Computer vision is a field of artificial intelligence that enables computers to interpret and understand the visual world. In the video, it is central to the theme as the speaker discusses the challenges and advancements in teaching computers to see and make sense of images, much like humans do. The script mentions how computer vision is crucial for applications such as self-driving cars and drones, but also highlights the difficulties in achieving accurate object recognition.

💡Machine Learning

Machine learning is a subset of artificial intelligence that allows computers to learn from data and improve their performance over time without being explicitly programmed. The video emphasizes the role of machine learning in advancing computer vision, particularly through the use of large datasets and algorithms like convolutional neural networks. The speaker's work with ImageNet is a prime example of how machine learning is applied to teach computers to recognize objects in images.

💡ImageNet

ImageNet is a large visual database designed for use in visual object recognition software research. The video describes the ImageNet project, which the speaker co-founded, as a significant step in computer vision. It involved collecting and labeling millions of images to create a comprehensive dataset that could be used to train machine learning models to recognize a vast array of objects.

💡Convolutional Neural Networks (CNNs)

CNNs are a class of deep learning algorithms particularly good at analyzing visual imagery. They are mentioned in the video as the winning architecture for object recognition tasks, thanks to their ability to process hierarchical layers of visual information. The speaker explains how CNNs, when trained on the massive ImageNet dataset, have achieved remarkable results in recognizing and classifying objects in images.

💡Big Data

Big data refers to the large volume of structured and unstructured data that is too complex to be processed by traditional data management tools. In the context of the video, big data is crucial for training computer vision models. The speaker discusses how the ImageNet project leveraged big data by collecting nearly a billion images from the internet to create a dataset that could effectively train machine learning algorithms.

💡Object Recognition

Object recognition is the ability of a computer to identify and classify objects in an image or video. It is a key aspect of computer vision and is central to the video's narrative. The speaker discusses the evolution of object recognition from simple shape-based models to sophisticated algorithms capable of recognizing objects in various poses and contexts, as demonstrated by the ImageNet dataset.

💡Neural Networks

Neural networks are computing systems inspired by the human brain that are used in machine learning applications. The video explains how neural networks, with their interconnected nodes organized in layers, mimic the structure of the human brain to process information. They are fundamental to the development of computer vision systems, as they enable the recognition and understanding of complex patterns in visual data.

💡Deep Learning

Deep learning is a subset of machine learning that focuses on neural networks with many layers, or 'deep' architectures. The video touches on deep learning as the driving force behind the success of CNNs in computer vision tasks. Deep learning allows for the creation of models that can learn increasingly complex patterns from large datasets, such as ImageNet, leading to significant advancements in object recognition.

💡Algorithms

Algorithms are step-by-step procedures for calculations, typically used in computing. In the video, algorithms are discussed as the mathematical models that drive machine learning and computer vision. The speaker's work involves designing and refining algorithms to enable computers to learn from data and improve their ability to recognize and understand visual information.

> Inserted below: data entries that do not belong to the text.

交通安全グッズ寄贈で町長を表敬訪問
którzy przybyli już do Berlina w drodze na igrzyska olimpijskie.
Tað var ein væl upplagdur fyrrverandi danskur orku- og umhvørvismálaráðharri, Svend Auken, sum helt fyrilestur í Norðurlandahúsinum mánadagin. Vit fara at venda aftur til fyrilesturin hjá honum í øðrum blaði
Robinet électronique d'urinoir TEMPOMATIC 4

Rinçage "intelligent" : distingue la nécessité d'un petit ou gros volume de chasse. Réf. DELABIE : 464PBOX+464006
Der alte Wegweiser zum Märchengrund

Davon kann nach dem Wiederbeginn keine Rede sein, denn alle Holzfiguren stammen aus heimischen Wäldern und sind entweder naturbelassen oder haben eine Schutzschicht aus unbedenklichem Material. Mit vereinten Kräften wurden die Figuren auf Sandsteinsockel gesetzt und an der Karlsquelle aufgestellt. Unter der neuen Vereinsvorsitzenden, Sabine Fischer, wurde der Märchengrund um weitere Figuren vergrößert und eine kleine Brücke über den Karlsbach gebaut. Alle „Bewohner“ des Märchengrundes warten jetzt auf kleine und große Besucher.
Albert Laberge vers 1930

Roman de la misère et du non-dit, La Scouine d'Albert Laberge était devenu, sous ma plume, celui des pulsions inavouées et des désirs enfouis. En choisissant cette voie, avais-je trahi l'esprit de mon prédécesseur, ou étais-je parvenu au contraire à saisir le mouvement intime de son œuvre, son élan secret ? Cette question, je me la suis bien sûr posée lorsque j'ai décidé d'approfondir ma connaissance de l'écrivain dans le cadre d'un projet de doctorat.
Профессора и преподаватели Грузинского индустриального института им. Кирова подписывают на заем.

💡Artificial Intelligence (AI)

AI refers to the simulation of human intelligence in machines that are programmed to think like humans and mimic their actions. The video is centered around AI, particularly in the context of computer vision and machine learning. The speaker's quest to give computers visual intelligence is a prime example of AI development, aiming to enhance machines' ability to process and understand visual information on par with human capabilities.

💡Data Annotation

Data annotation is the process of labeling data with information that describes or categorizes it. In the video, data annotation is highlighted as a critical step in the ImageNet project, where nearly a billion images were labeled by crowdsourced workers. This process is essential for creating datasets that can effectively train machine learning models in computer vision tasks.

Highlights

A three-year-old child describes images, highlighting the innate ability of humans to make sense of visual information.

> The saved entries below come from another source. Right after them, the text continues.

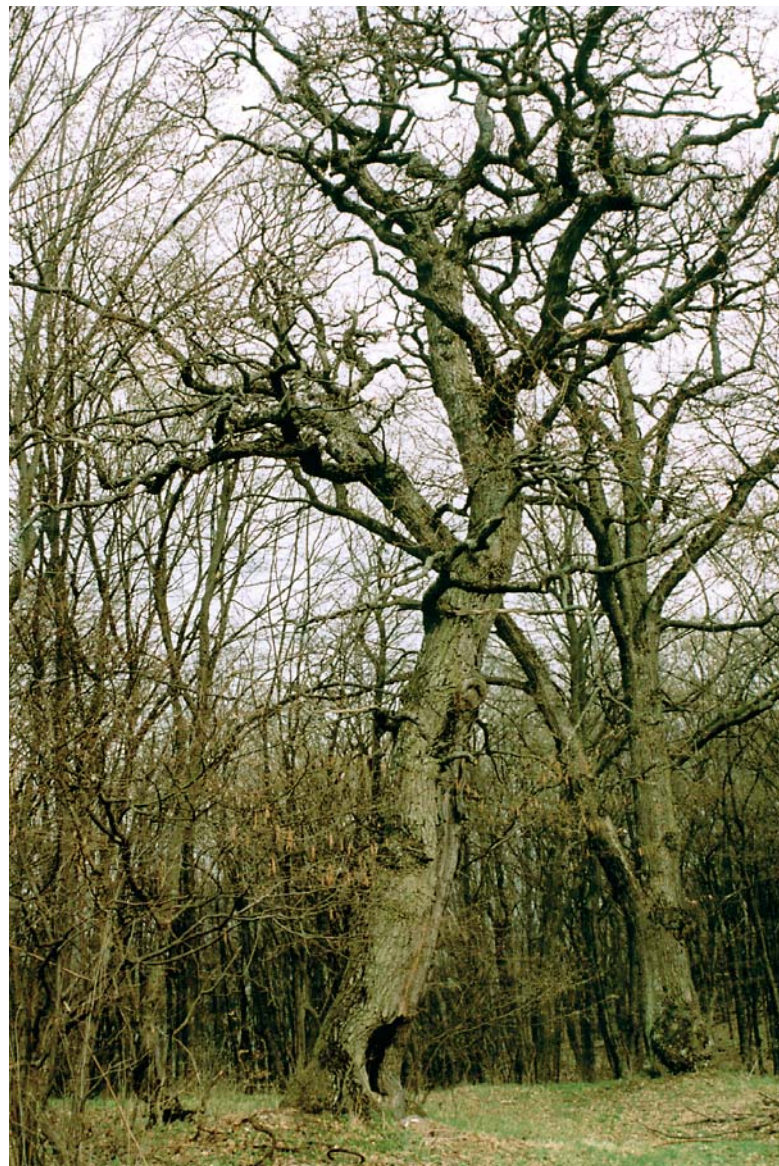
Staré hraniční duby na Silické planině.

Slovenský kras je několik krajin v jedné. U Domici a Hostovců se dotýká panonských nížin. Z rozpadlého bačovského záchodku nad Zádielom oko putuje přes nížiny až kamsi k jižním Slovanům a ke kopcům nad Bělehradem. Ale o pár kilometrů dál na Horném vrchu jsme ještě v Rudohoří, Čremošenská dolina patří středoslovenským horám, ale dolina Slané již k hornímu Podunají. Něco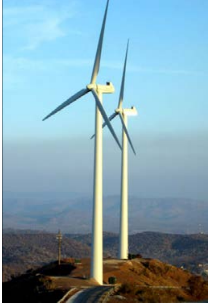
هل هبت رياح طاقة الرياح؟

وأضاف: «إذا كان بالإمكان، حسب مصادر وزارة الطاقة، إنتاج الكهرباء بواسطة الغاز الطبيعي بكلفة أقل بكثير من كلفة الإنتاج من الطاقة الهوائية الخيالية، فلماذا هذا القرار الملزم على مدى عشرين سنة؟ كذلك لم يحدد قرار مجلس الوزراء قدرة الإنتاج المرخص بها لكل من الثلاث شركات... مستنداً (قرار مجلس الوزراء) بالشق الفني إلى العقود المعمول بها في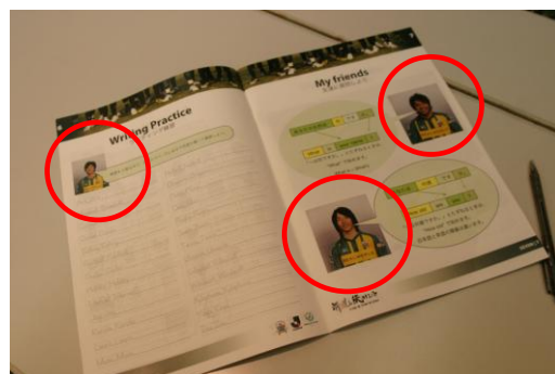
(FC 岐阜の選手が登場するオリジナル教材)

英語検定協会では、学習者が定期的に『英検』や『児童英検』で自己の英語レベルを確認することで、学習意欲を持ち続けていけるようサポートし、PFS の学習効果を高めるよう協力していきます。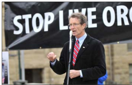
图：亚省省议员大卫·斯旺博士发言

亚省省议员，前自由党领袖大卫·斯旺博士在集会上呼吁加拿大政府对中共迫害法轮功修炼者事件进行调查，必须制止这一长期的迫害。“与一个无论是制度、劳工、环境以及人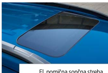
El. pomična sončna streha

Opomba: v primeru, da je streha v kontrastni barvi, je v kontrastni barvi tudi ohišje zunanjih vzvratnih ogledal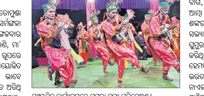
ସାଂସ୍କୃତିକ କାର୍ଯ୍ୟକ୍ରମରେ ପୁରୁଣା ନୃତ୍ୟ ପରିବେଷଣ।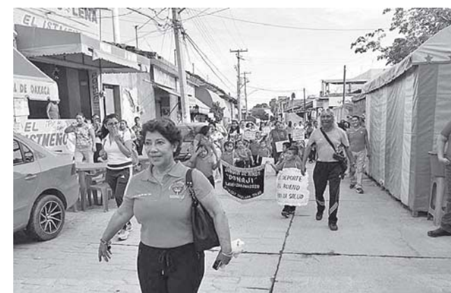
► Emotiva tercera caminata.

El objetivo de estas marchas es dar a conocer la importancia que tiene en estos días la práctica de una actividad física aeróbica, en especial la caminata, la que es una actividad que se ajusta a todas las personas sin diferencia de edades o sexo, además no incurre en costo alguno; la actividad física la desarrollan, en distinto gra-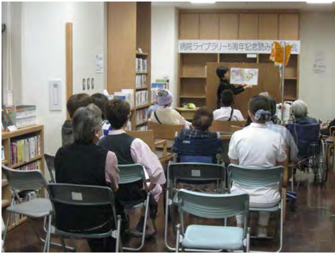
「としゃかんライオン」

Despite technological advancements, machines still struggle with basic visual understanding tasks that even young children can perform.

Fei-Fei Li discusses the challenges of computer vision, emphasizing the complexity of visual processing in machines compared to human brains.

Computer vision involves teaching machines to recognize objects, people, and understand relationships, emotions, and actions from visual data.

The ImageNet project was launched in 2007 to provide a large dataset of labeled images to improve machine learning algorithms for object recognition.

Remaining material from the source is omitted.